Celtic busy recreating Liverpool’s Boot Room philosophy at Lennoxtown

When Bill Shankly won the English second division title with Liverpool in 1962 he mentioned a few others who had helped him considerably to achieve his goal.

“Without the help of Reuben Bennett, Joe Fagan, Albert Shelley and Bob Paisley we could have achieved nothing,” said Shankly in an interview with the Liverpool Echo, later quoted in Guardian


Together they gathered in the boot room at Anfield to plot the club’s future domination of English and European football. The dynamic of that cramped space, bursting with knowledge and littered with training paraphernalia plus the odd bottle of Guinness, was that of an inner sanctum where strategies were conceived, discussed and refined to devastating effect as Liverpool entered their golden age in the 1970s and 1980s.

The Anfield Boot room became synonymous with success and continuity. In fact the room itself was disbanded in 1993 when Graeme Souness was the manager at Anfield and a press facility took its place. Until this season success in those intervening years, in league football at least, has escaped them. Makes you wonder doesn’t it?

For Celtic, February 2019 saw a massive upheaval in the backroom staff. When Brendan Rodgers left only Stevie Woods and John Kennedy remained. Assistant coach Chris Davies, fitness coach Glen Driscoll and first-team coach Kolo Touré all headed south with the departing Rodgers and a series of statisticians, analysts and other less high profile members of staff went with them. Celtic were left in the lurch.

When Neil Lennon took over, initially as interim manager and then on a permanent basis in May of that year he didn’t bring his own men. Celtic promoted from within. Though Woods stayed in his specialised coaching position, Kennedy was promoted to assistant manager and the coach – who had already made a good impression after only a short months working with Celtic young players – Damien Duff stepped up to the first team.
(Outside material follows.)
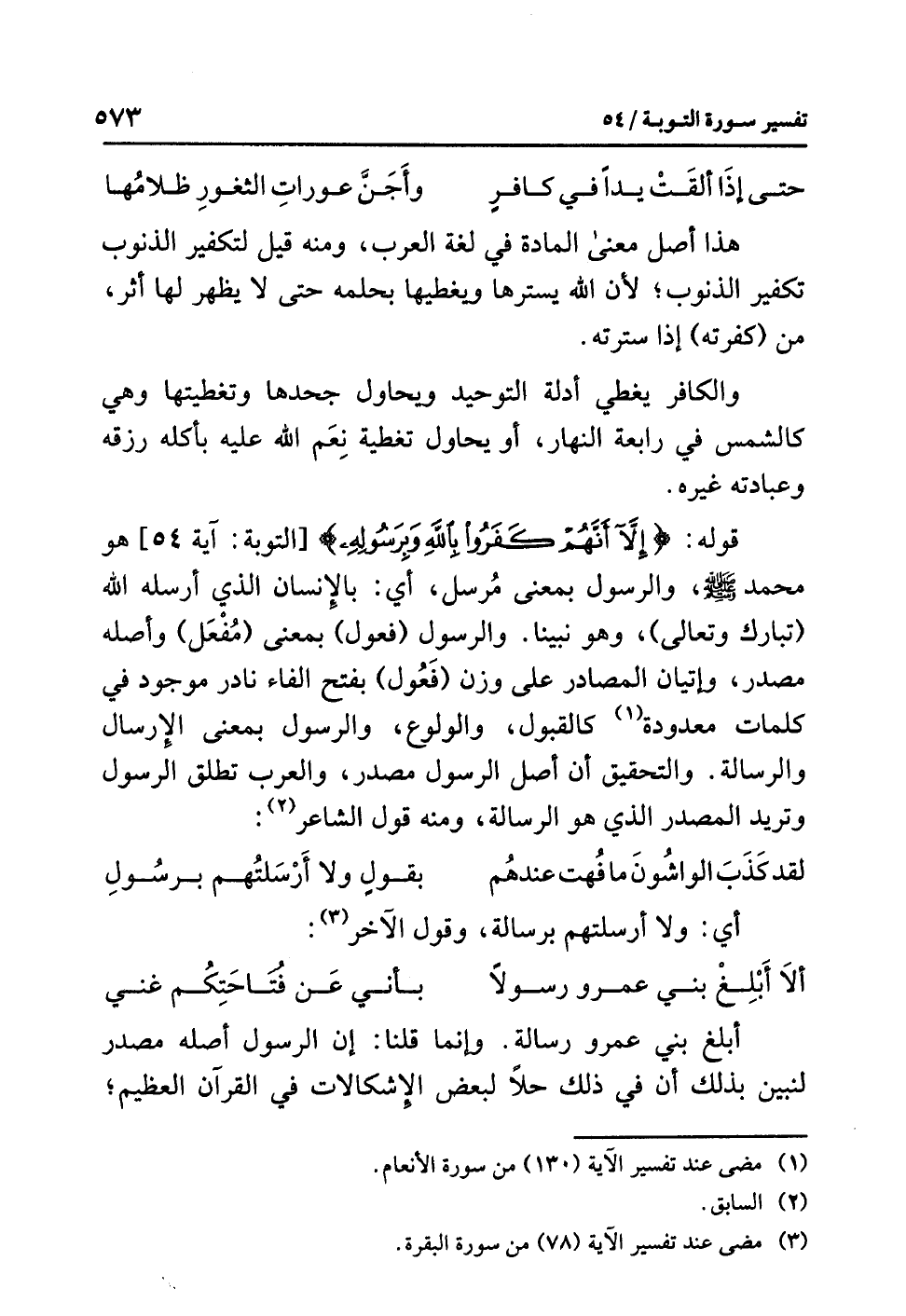 قولُه: {إِلاَّ أَنَّهُمْ كَفَرُوا بِاللَّهِ وَبِرَسُولِهِ} [التوبة: آية 54] هو محمدٌ صلى الله عليه وسلم، والرسولُ بِمَعْنَى مُرْسَلٍ، أي: بالإنسانِ الذي أَرْسَلَهُ اللَّهُ (تبارك وتعالى)، وهو نَبِيُّنَا. والرسولُ (فعول) بمعنَى (مُفْعَلٍ) وأصلُه مصدرٌ، وإتيانُ المصادرِ على وزنِ (فَعُول) بفتحِ الفاءِ نادرٌ موجودٌ في كلماتٍ معدودةٍ (¬1) كالقبولِ، والولوعِ، والرسولُ بمعنَى الإرسالِ والرسالةِ. والتحقيقُ أن أصلَ الرسولِ مصدرٌ، والعربُ تُطْلِقُ الرسولَ وتريدُ المصدرَ الذي هو الرسالةُ، ومنه قولُ الشاعرِ (¬2):
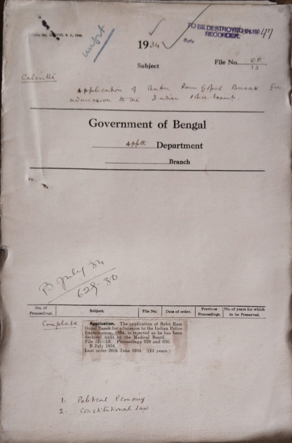 | Rack No. 2, Bundle No. 10, Sl No. 611 Application of Babu B.C. Das for admission to the Indian Police Exam. | Rack No. 2, Bundle No. 10, Sl No. 612 Application of P.K. Bardhan for admission to the Indian Police Exam. | Rack No. 2, Bundle No. 10, Sl No. 613 Application of Babu Ram Gopal Basak for admission to the Indian Police Exam. | Rack No. 2, Bundle No. 10, Sl No. 614 Application of Babu N.R. Mukharji for admission to the Indian Police Exam. | Rack No. 2, Bundle No. 10, Sl No. 615 Application of Maulvi A.K.M. Shamsul Islam for admission to the Indian Police Exam. | Rack No. 2, Bundle No. 10, Sl No. 616 Application of S.N. Das Gupta for admission to the Indian Police Exam. | Rack No. 2, Bundle No. 10, Sl No. 617 Application of Babu Niroj Chandra Haldar for admission to the Indian Police Exam. |

Now club captain Scott Brown is looking to the future and Neil Lennon hints Broony is likely to be adding to what is fast becoming Celtic’s own modern day version of that Anfield boot room. Brown it seems will join the backroom staff when he eventually retires.

Neil Lennon has already discussed this in the press this week. He said to the media as reported by Glasgow Times:

“As far as I am concerned when he stops playing there will be a coaching role for Scott at the Premiership champions.

“I would offer him something straight away. It is the obvious path for him. He is doing his badges and I would definitely want him around the place when he stops playing.”

Lennon sees Brown as a future manager of the club. With John Kennedy highly rated, Damien Duff making a good first impression, Brown’s leadership qualities already well known from his captaincy role and the vast experience of Stevie Woods still in place, there is a lot of know-how and winning mentality in that group. Let’s also not understate the greatest commodity they all share, gold dust in today’s football. Loyalty.

A big part of that Liverpool approach was succession and continuity. Of the supporting cast Shankly thanked that day in 1962, Bob Paisley, and Joe Fagan followed the Liverpool legend into the hot seat and both continued the success. Though not directly involved in the boot room Kenny Dalglish and Roy Evans both followed suit and took up the reins as managers of Liverpool FC. Both were brought up in the same ideas developed in that wee room.

When Rodgers left Celtic trust was broken. It wasn’t simply losing a fine manager who had modernised Celtic in the short period of time he was there, we were in danger of losing the ideas that he had installed.

Kennedy, Duff and Woods helped keep that golden thread running through the next chapter. It seems that Kennedy has continued with the team meetings, tactics and fitness regimes. The winter trip to Dubai that proved so successful in the second parts of previous seasons also remained.

Even when he arrived, Lennon, a manager with very firm ideas on the game didn’t rip it up and stamp his authority. Any changes were gradual and evolved slowly. It was nearly a year after Rodgers left before the formation deviated from the tried and tested, and very successful, 4-2-3-1 formation to the now preferred 3-5-2. Even that didn’t happen until it appeared our rivals had our card marked following a slow December and a couple of encounters against ‘the’ Rangers where we appeared to have become predictable.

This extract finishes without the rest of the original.